[Supplied data Boundary: Start]
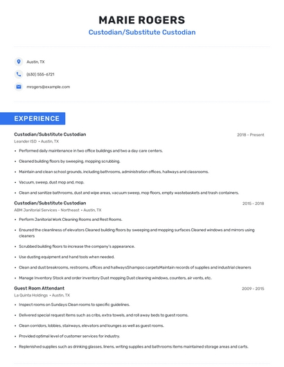 Build a professional custodian/substitute custodian resume in minutes. Browse through our resume examples to identify the best way to word your resume. Then choose from 5+ resume templates to create your custodian/substitute custodian resume.
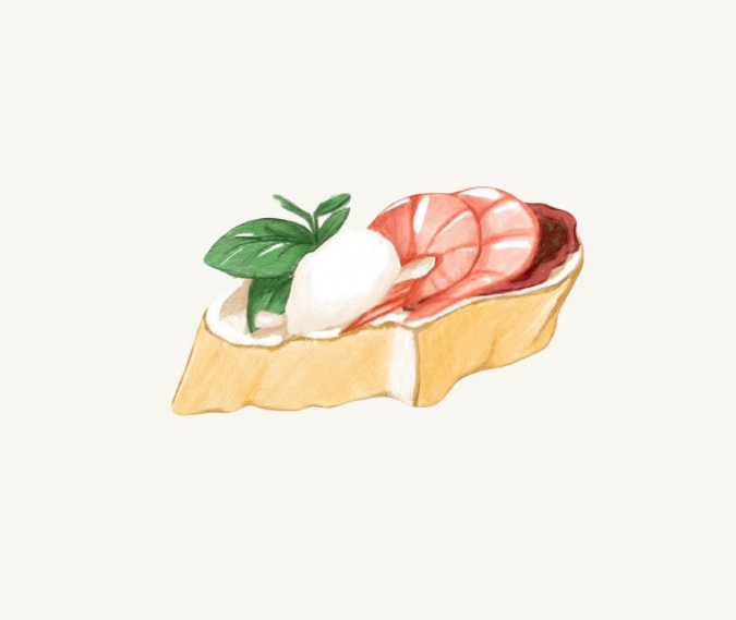 тигровая креветка, итальянские травы, черри, фирменный соус "Цезарь", багет
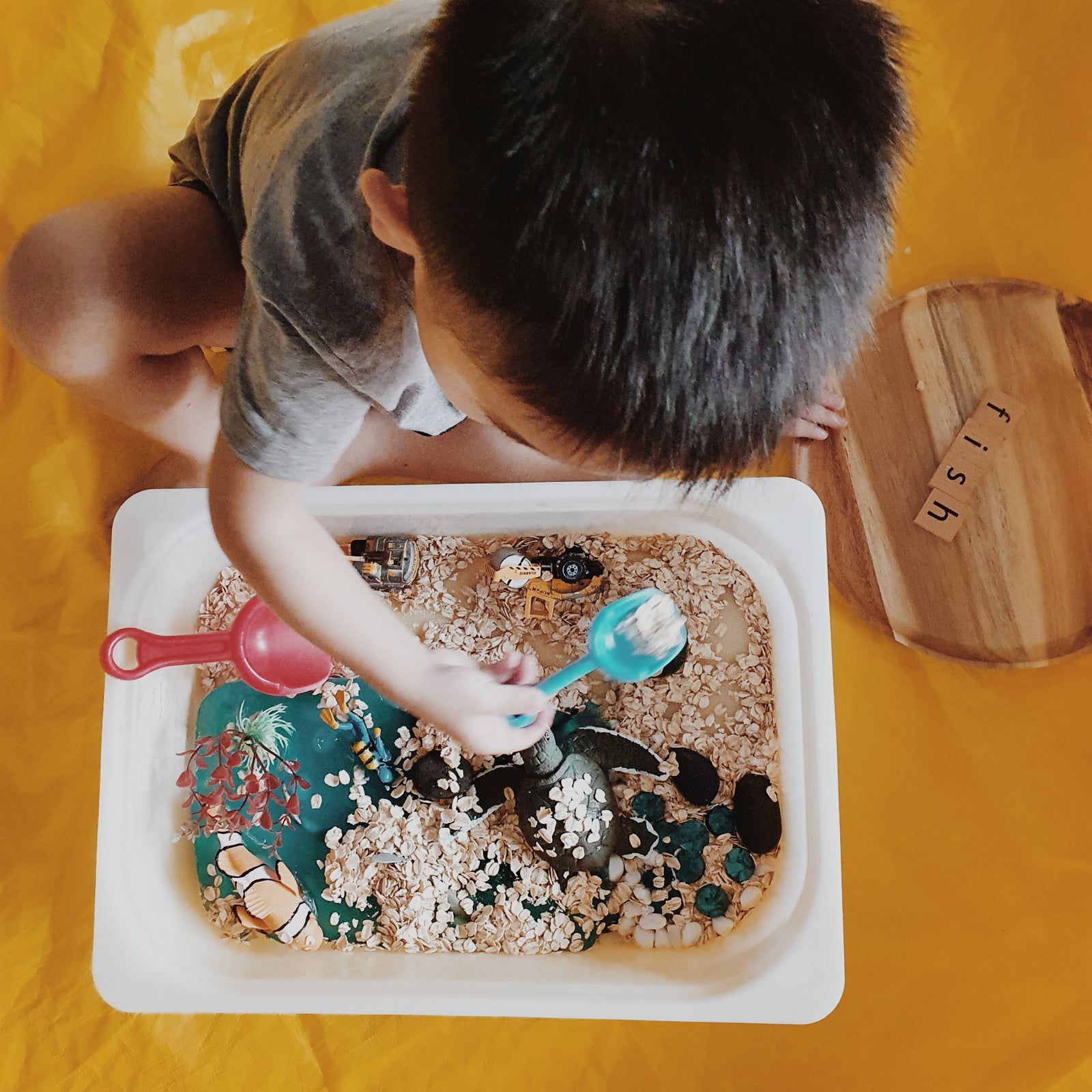 One way to spark a child's interest in literacy is through themed sensory play. Use this chance to incorporate phonics, spelling or getting your child acquainted with Chinese characters.
[Supplied data Boundary: End]
# What you should do
Without the pictures, repeat the listing exactly as it reads.

# Solved exercise
 Build a professional custodian/substitute custodian resume in minutes. Browse through our resume examples to identify the best way to word your resume. Then choose from 5+ resume templates to create your custodian/substitute custodian resume.
 тигровая креветка, итальянские травы, черри, фирменный соус "Цезарь", багет
 One way to spark a child's interest in literacy is through themed sensory play. Use this chance to incorporate phonics, spelling or getting your child acquainted with Chinese characters.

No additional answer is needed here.